**ENTRIES SUPPLIED:**
* * * * *
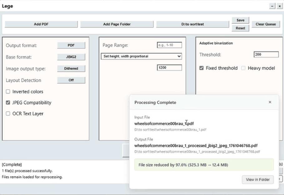 Lege is a full automated pipeline that takes your scans of aged documents and selectively binarizes the text so that they are pleasant to read on any E-ink reader like a Kindle or Kobo. While also offering up to 90% output file size reduction.
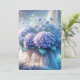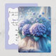 Un bel arrangement d'hydrangées violettes et de fleurs bleues est placé dans un panier tressé et drapé avec tissu de tulle pure pour mariage cérémonie de renouvellement de vow invitation. Tout le texte est modifiable.
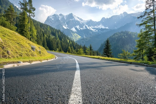© Tisha, Fototapeta premium Asphalt road in Austria, Alps in a summer day.
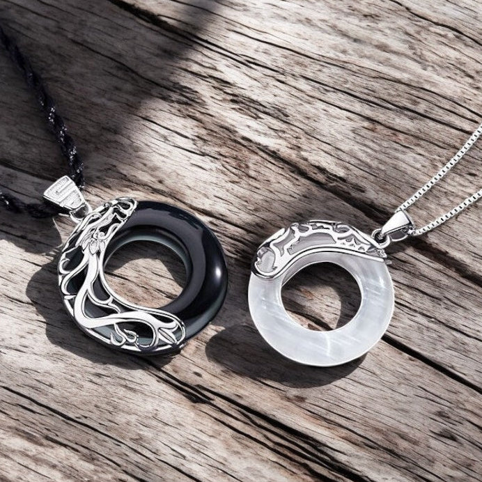 Obsidian Dragon & Opal Phoenix Couple Necklace
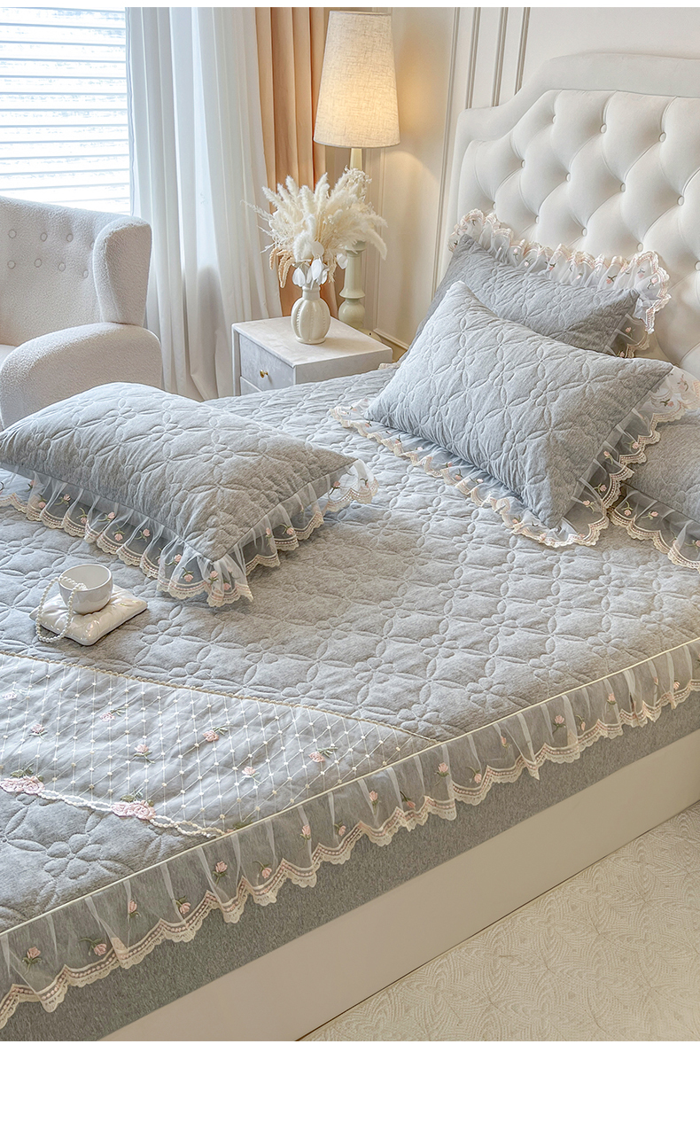 麒豆豆 2025新款色织蕾丝边床裙款床笠-花亦然 花亦然-烟熏灰
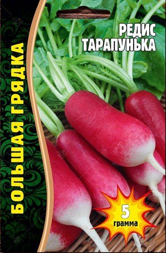 Редис Тарапунька - ультраранний (16-20 дней от всходов до технической спелости) сорт. Цвет корнеплода варьируется от розовато-красного до ярко-красного с белым кончиком. Форма — овально-цилиндрическая.
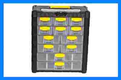 Posiada 6 poziomów szufladek (w sumie 12 wysuwanych – różnej wielkości – pojemników: 3 małe, 4 średnie, 2 duże) , a także dodatkową – otwieraną od góry komorę. Dzięki tak dużej ilości przegródek, w organizerze można uporządkować narzędzia lub drobiazgi zarówno w domu, jak i w warsztacie, magazynie, sklepie lub innym miejscu.
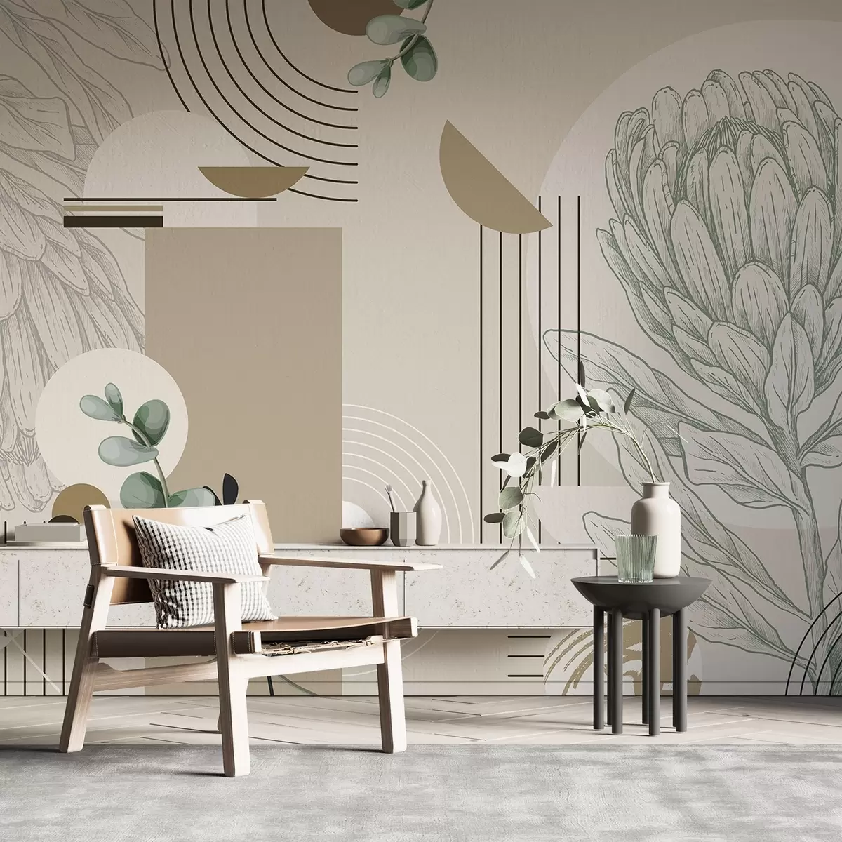 Fotobehang Abstracte botanische print met proteabloem, eucalyptusbladeren, geometrische vormen in een minimalistische stijl, pastelkleuren N° w08914
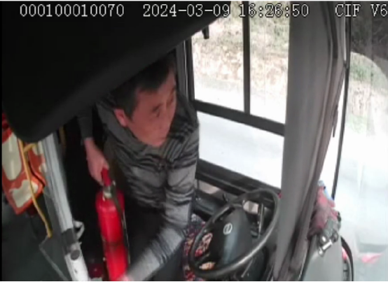 他立即將車輛安全停靠在路邊,迅速解開安全帶,提起身邊的滅火器奔向著火車輛。利用日常掌握的消防滅火知識,準確找到起火位置,對準火焰根部進行噴射,火勢很快得到了控制。為防止火勢復燃,他又即刻返回車上,拿起水桶對準車輛著火點進行二次覆滅。在確保險情徹底消除后,他才放心返回車上繼續執行營運任務。整個救援過程,短短幾分鐘,規范、準確、快速、高效,及時消除了火災事故。
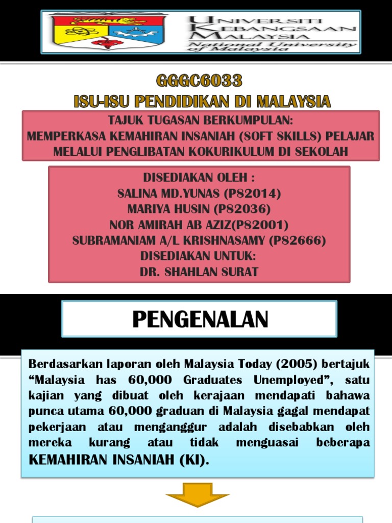 Pembangunan pelajar tidak hanya dilihat kepada pencapaian akademik yang cemerlang tetapi mempunyai kemahiran dan kualiti yang diperlukan oleh industri dan pasaran pekerjaan. Siangnya kujemput anakku dari sekolahnya, tetapi dua jam kemudian anakku kembali kesekolah untuk mengikuti les tambahan pelajaran yang memang setiap sore diikutinya. Lengkapkan diri dengan kemahiran insaniah. Jika kemahiran ini dimiliki oleh pelajar di samping kim, beliau dianggap kompeten kemahiran insaniah serta elemen elemen yang terkandung didalamnya merujuk kepada kurikulum. Matapelajaran kemahiran insaniah modul 1 :
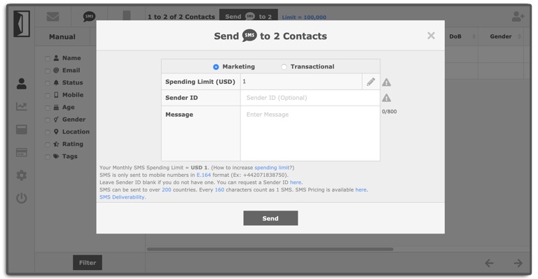 Send With SES integrates with your AWS SNS account to send transactional and marketing SMS (Text Messages). You can send SMS manually or via the API to 200 + countries and regions around the world.
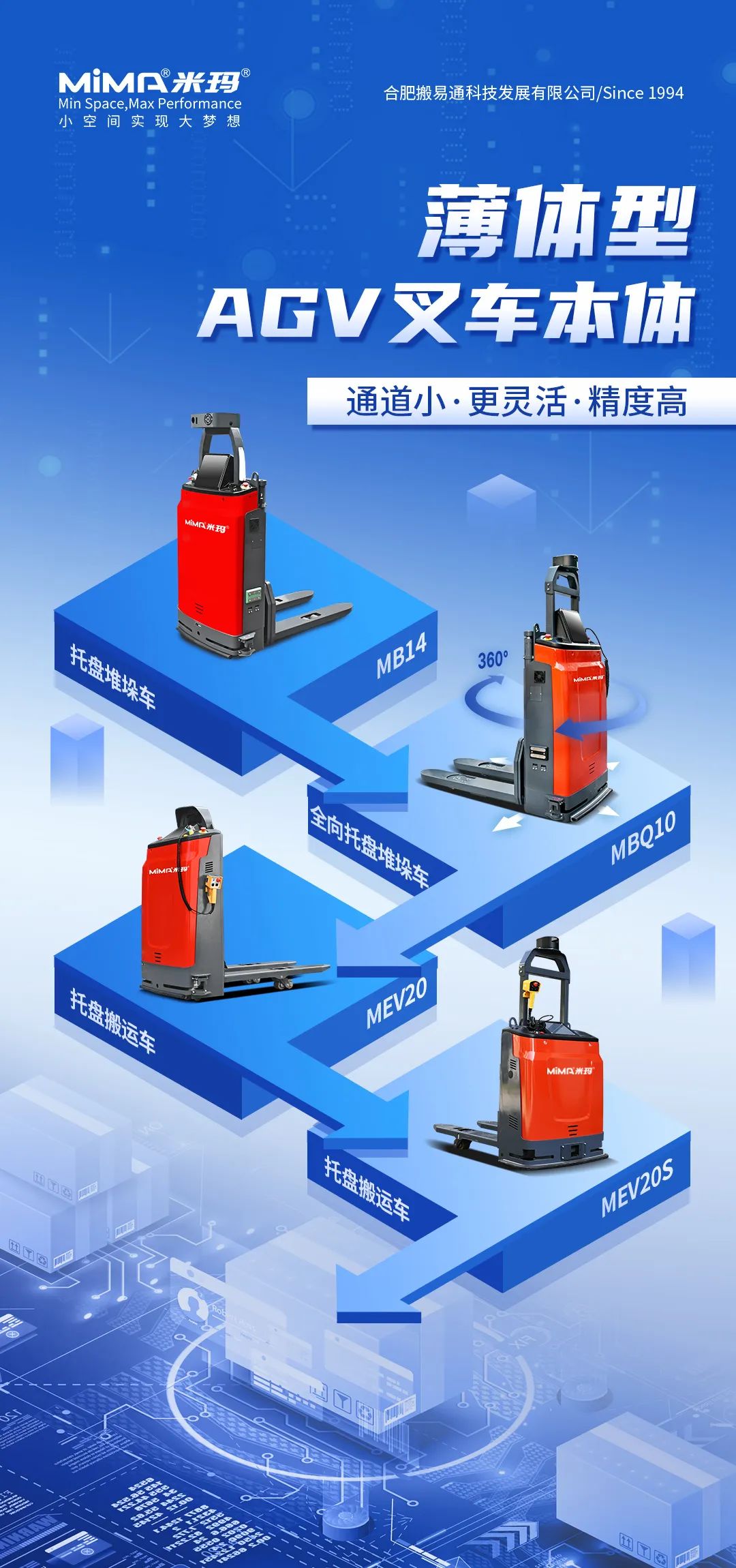 MiMA米玛推出系列化薄体AGV搬运车及堆垛车,满足仓库内窄通道、多楼层、中短途物料智能搬运及堆垛,高效、精准、安全、环保、经济价值高。
* * * * *
Please reproduce the listing exactly from its opening line through the line that contains "麒豆豆 2025新款色织蕾丝边床裙款床笠-花亦然 花亦然-烟熏灰", both included, with all pictures omitted.

 Lege is a full automated pipeline that takes your scans of aged documents and selectively binarizes the text so that they are pleasant to read on any E-ink reader like a Kindle or Kobo. While also offering up to 90% output file size reduction.
 Un bel arrangement d'hydrangées violettes et de fleurs bleues est placé dans un panier tressé et drapé avec tissu de tulle pure pour mariage cérémonie de renouvellement de vow invitation. Tout le texte est modifiable.
© Tisha, Fototapeta premium Asphalt road in Austria, Alps in a summer day.
 Obsidian Dragon & Opal Phoenix Couple Necklace
 麒豆豆 2025新款色织蕾丝边床裙款床笠-花亦然 花亦然-烟熏灰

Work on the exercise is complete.